Large Negative Thermal Expansion Induced by Synergistic Effects of Ferroelectrostriction and Spin Crossover in PbTiO3-Based Perovskites
- Wuhan Univ. of Science and Technology. Wuhan (China); Tokyo Inst. of Technology, Yokohama (Japan)
- Univ. of Science and Technology Beijing, Beijing (China)
- Tokyo Inst. of Technology, Yokohama (Japan)
- Central Univ. of Tamil Nadu, Tamil Nadu (India)
- Univ. of Padova, Padova (Italy)
- Argonne National Lab. (ANL), Argonne, IL (United States)
- National Institute of Standards and Technology (NIST), Gaithersburg, MD (United States)
- Wuhan Univ. of Science and Technology. Wuhan (China)
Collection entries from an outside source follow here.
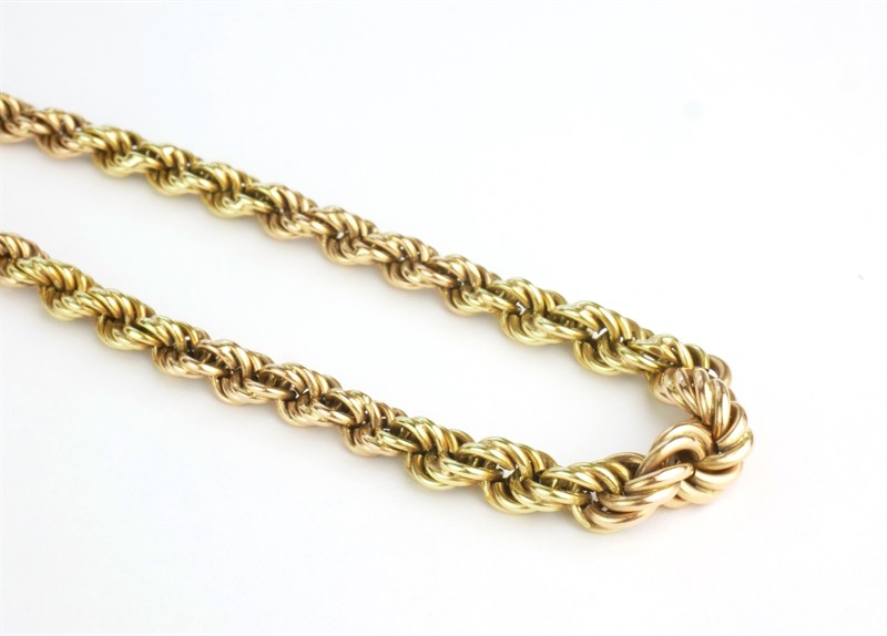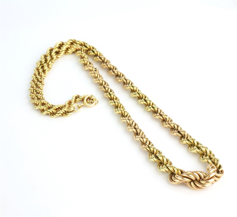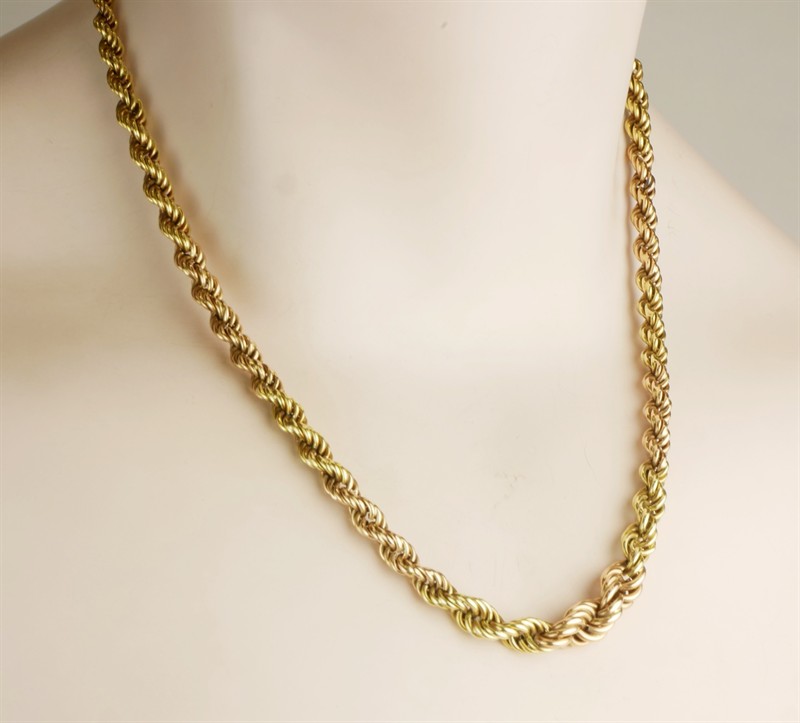Náhrdelník vyrobený z kombinace žlutého a růžového zlata ryzosti 585/1000 (punc lvíček).. Délka 42 cm. Hmotnost 16,60 g. Řetízek se z úzké části směrem ke středu rozšiřuje. Výborný stav.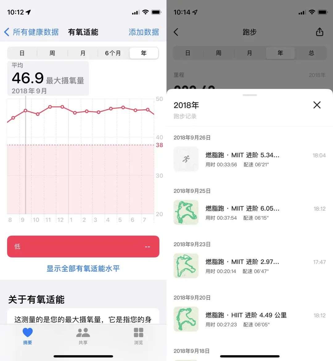 譬如近期,我的有氧适能数值稳定在 37 左右,低于平均,但当我将图表往回拉,发现在 2018 年底至 2019 年底近一年时间里,我这项数据都在 47 左右,而那段时间我坚持着每天慢跑 5-10 公里的习惯,如今回想起来,那年我的身体素质和精神面貌都比现在要好不少,看来是时候捡起夜跑这个习惯了。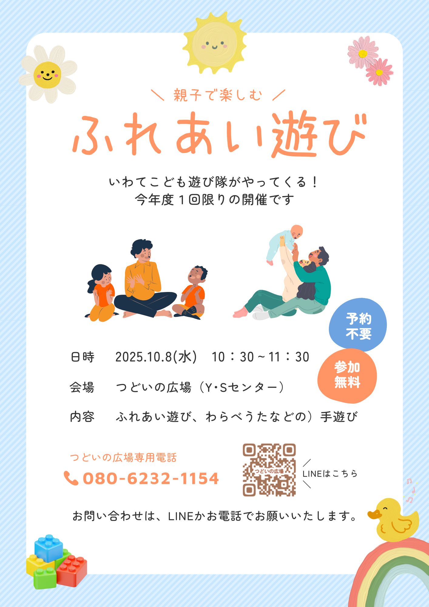 10月8日(水)、ふれあい遊びを開催します♪ 会場…Y・Sセンター つどいの広場 内容…ふれあい遊び、わらべうたなどの手遊び 予約は不要です! 皆さん是非遊びに来てくださいね~(^^)/ ※毎週水曜日は「おでかけひろば」の日ですが、8日は会場であるおおふなぽーとが利用不可であるため、おでかけひろばはお休みです。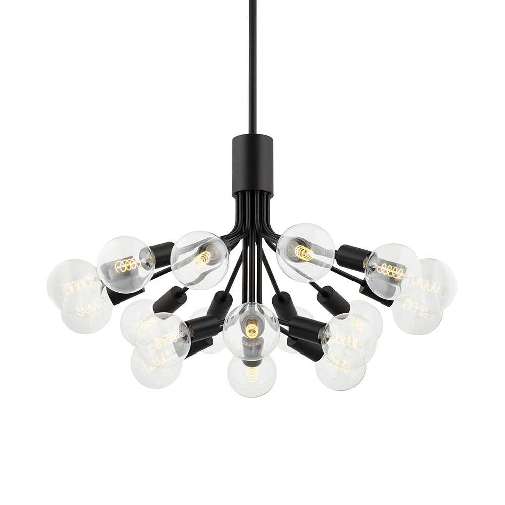 Multiple suspension lamp, available with 7, 13 or 19 points of light. Metallic structure with two finishes: matte chrome with a red textile cable, or texturized bronze finish with a black textile cable

The discovery of unusual negative thermal expansion (NTE) provides the opportunity to control the common but much desired property of thermal expansion, which is valuable not only in scientific interests but also in practical applications. However, most of the available NTE materials are limited to a narrow temperature range, and the NTE effect is generally weakened by various modifications. Here, we report an enhanced NTE effect that occurs over a wide temperature range ($$\overline{αV}$$ = -5.24 × 10-5 °C-1, 25-575 °C), and this NTE effect is accompanied by an abnormal enhanced tetragonality, a large spontaneous polarization, and a G-type antiferromagnetic ordering in the present perovskite-type ferroelectric of (1-x)PbTiO3-xBiCoO3. Specifically, for the composition of 0.5PbTiO3-0.5BiCoO3, an extensive volumetric contraction of ~4.8 % has been observed near the Curie temperature of 700 °C, which represents the highest level in PbTiO3-based ferroelectrics. According to our experimental and theoretical results, the large NTE originates from a synergistic effect of the ferroelectrostriction and spin crossover of cobalt on the crystal lattice. The actual NTE mechanism is contrasted with previous functional NTE materials, in which the NTE is simply coupled with one ordering such as electronic, magnetic, or ferroelectric ordering. In conclusion, the present study sheds light on the understanding of NTE mechanisms, and it attests that NTE could be simultaneously coupled with different orderings, which will pave a new way toward the design of large NTE materials.
- Research Organization:
- Argonne National Lab. (ANL), Argonne, IL (United States)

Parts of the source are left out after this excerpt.